The lines below, from the one holding "Екатеринбург! 22 ноября" through the one holding "Accueil pas top", are to be restated word for word, with all images left out.

Extracted material section start

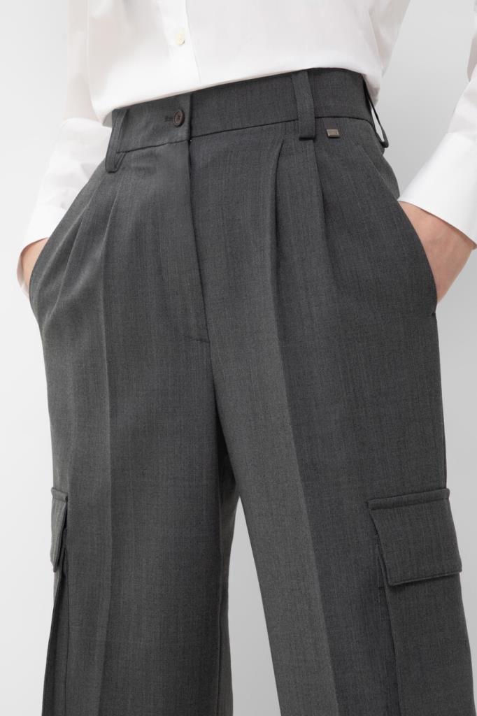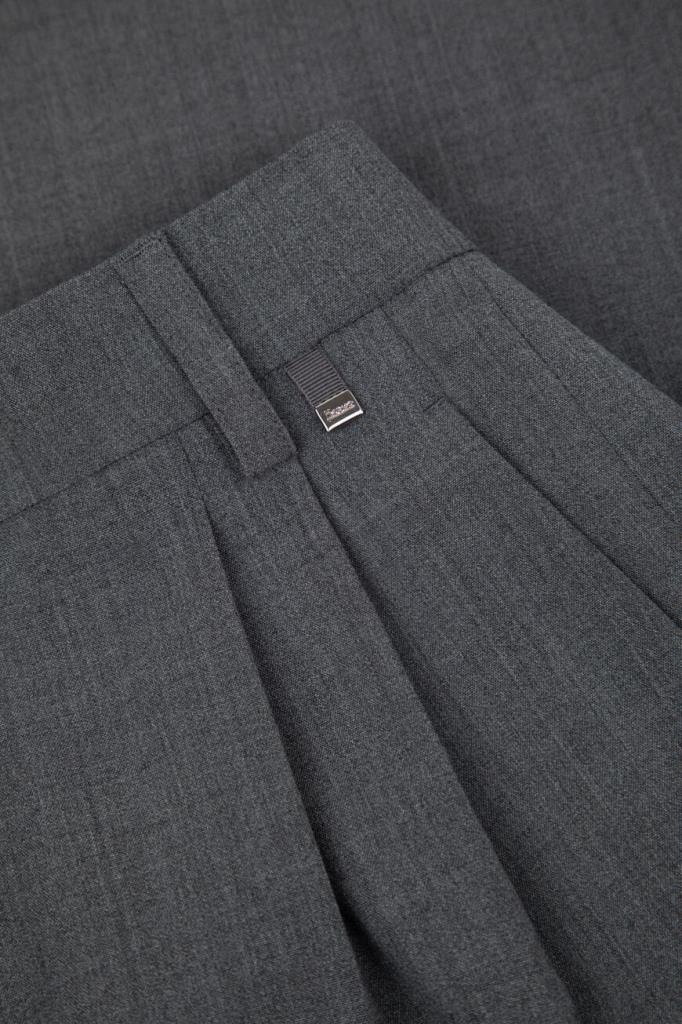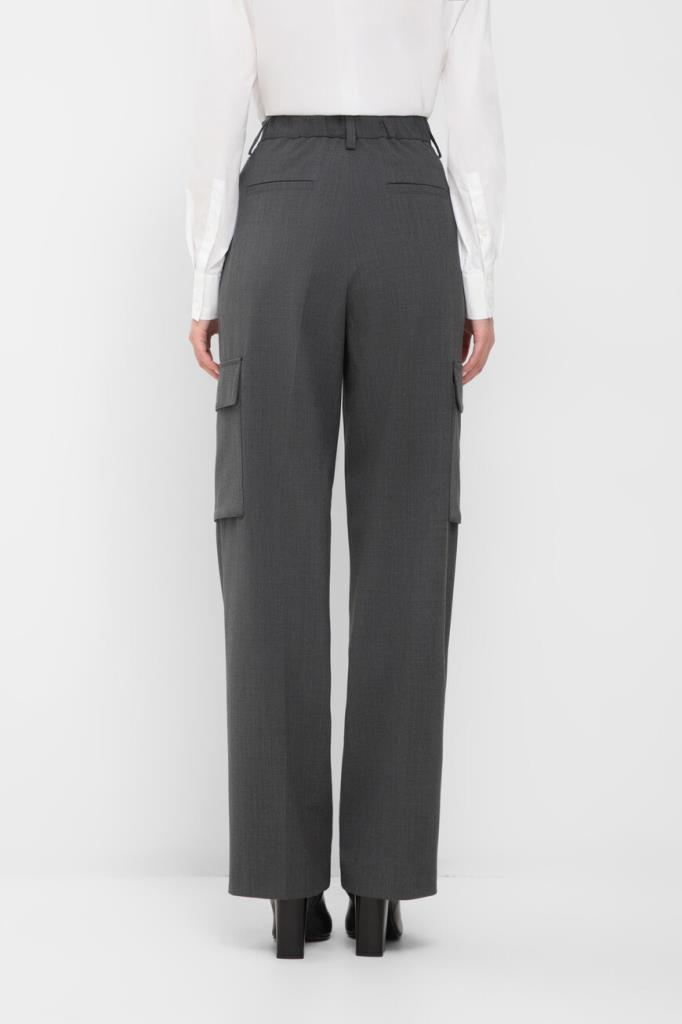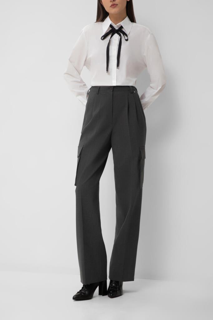 Брюки-карго от HERNO с двойными защипами сверху и отутюженными складками. Для изготовления модели тёмно-серого цвета используется лёгкий трикотаж на основе вирджинской шерсти и прочного эластичного полиэстера. Декором выступает серебристый металлический лейбл с гравировкой на детали сбоку. Функционал изделия расширен наличием трёх пар карманов, предназначенных для хранения мелких предметов.
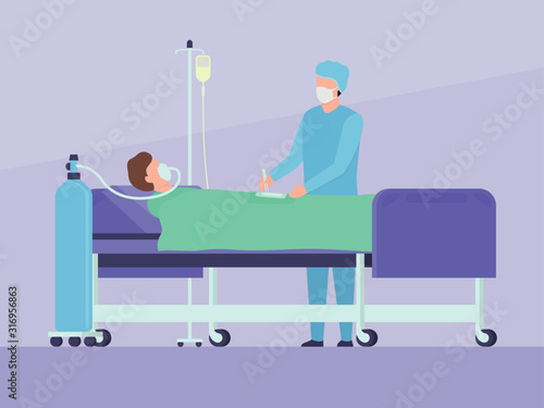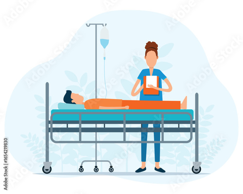 Tired nurse sleeping in hospital couch vector icon isolated on white background
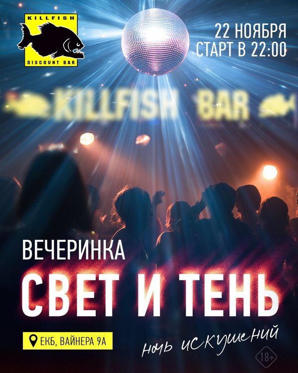 Екатеринбург! 22 ноября ждем тебя на ночь искушений — вечеринку «Свет и тень» в KILLFISH! Погрузись в атмосферу загадок и контрастов — свет против тени, ритмы против тишины! Зажигательные сеты от диджея, ведущий и приятная атмосфера для незабываемых впечатлений! Не пропусти! Старт в 22:00 Адрес: г. Екатеринбург, ул. Вайнера, 9а.
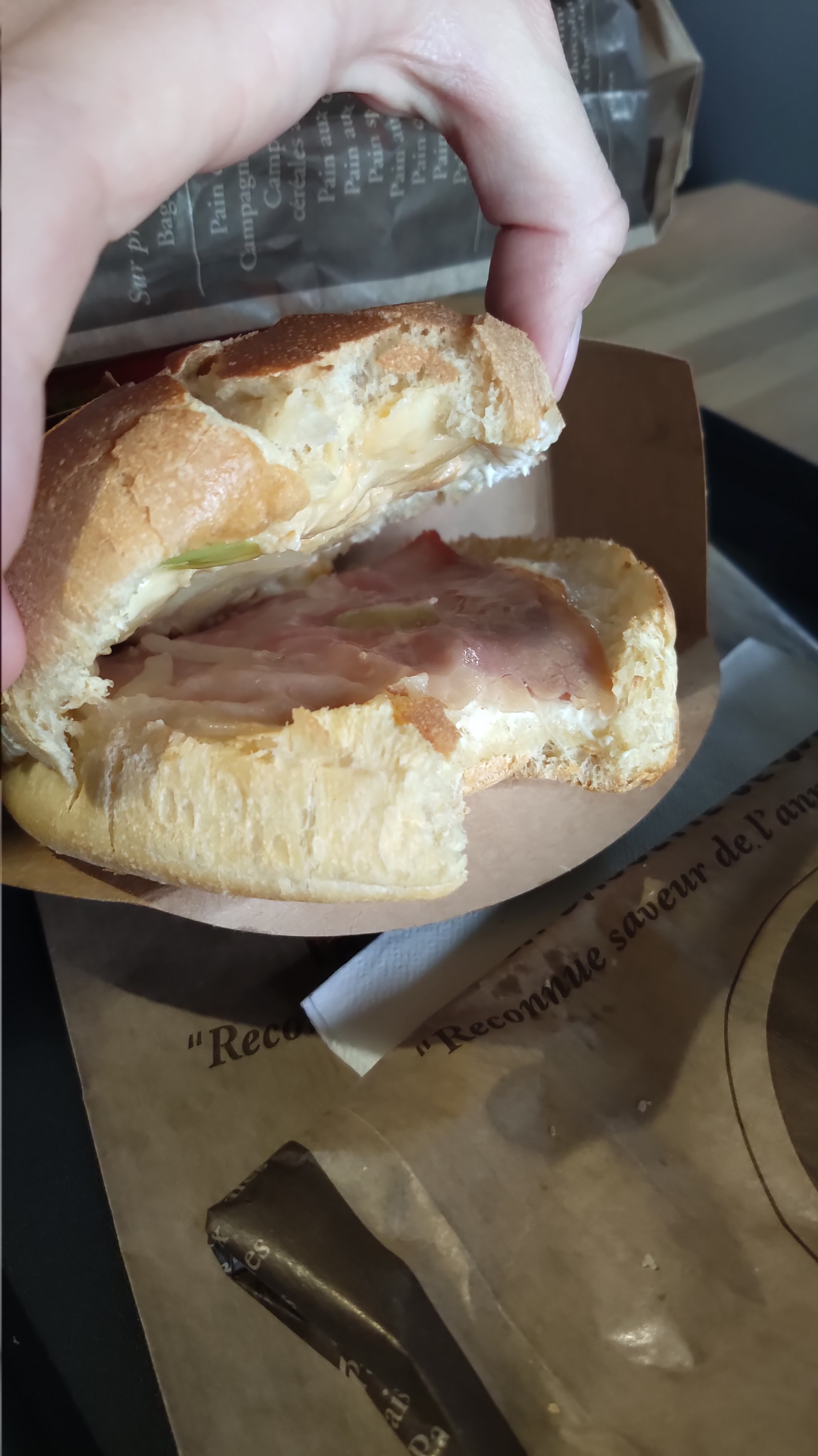 Accueil pas top , le midi c’est limite notre priorité c’est le pain et pas les salariées qui veulent prendre un sandwich , trop d’attente pour vouloir manger rapidement , mauvaise expérience sur le jambon-beurre crudité emmental , le beurre c’est 5g ? Faut arrête un peu ! quelle dommage !
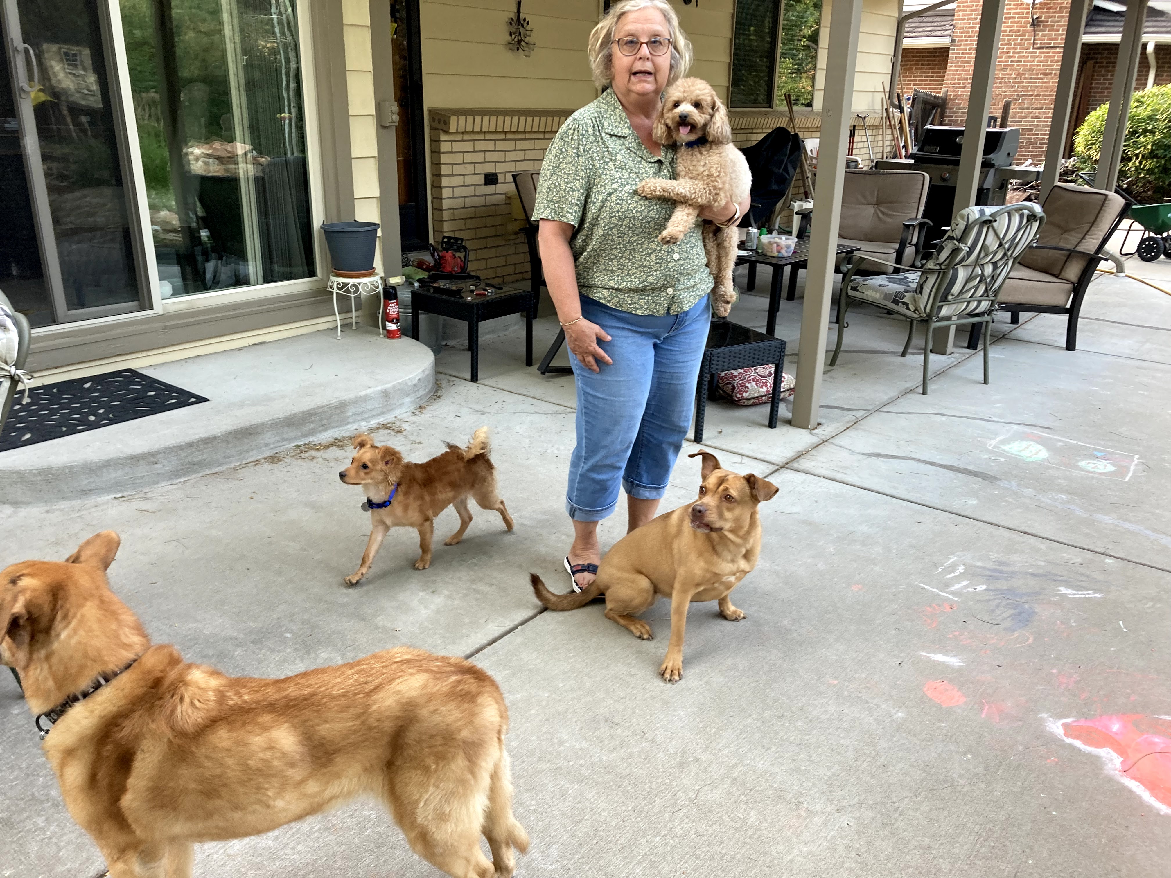 Ali is the matriarch and watches the other dogs romp like the elderly aunt watches her great grand nieces and nephews at play. Winston, of course, is Jen’s dog. He wasn’t sure what to think about this particular pack, and so he sort of sat on the sidelines and watched. I tried to get a photo of all four dogs, but this is the best I could do…..

Extracted material section end

Answer to the exercise>
 Екатеринбург! 22 ноября ждем тебя на ночь искушений — вечеринку «Свет и тень» в KILLFISH! Погрузись в атмосферу загадок и контрастов — свет против тени, ритмы против тишины! Зажигательные сеты от диджея, ведущий и приятная атмосфера для незабываемых впечатлений! Не пропусти! Старт в 22:00 Адрес: г. Екатеринбург, ул. Вайнера, 9а.
 Accueil pas top , le midi c’est limite notre priorité c’est le pain et pas les salariées qui veulent prendre un sandwich , trop d’attente pour vouloir manger rapidement , mauvaise expérience sur le jambon-beurre crudité emmental , le beurre c’est 5g ? Faut arrête un peu ! quelle dommage !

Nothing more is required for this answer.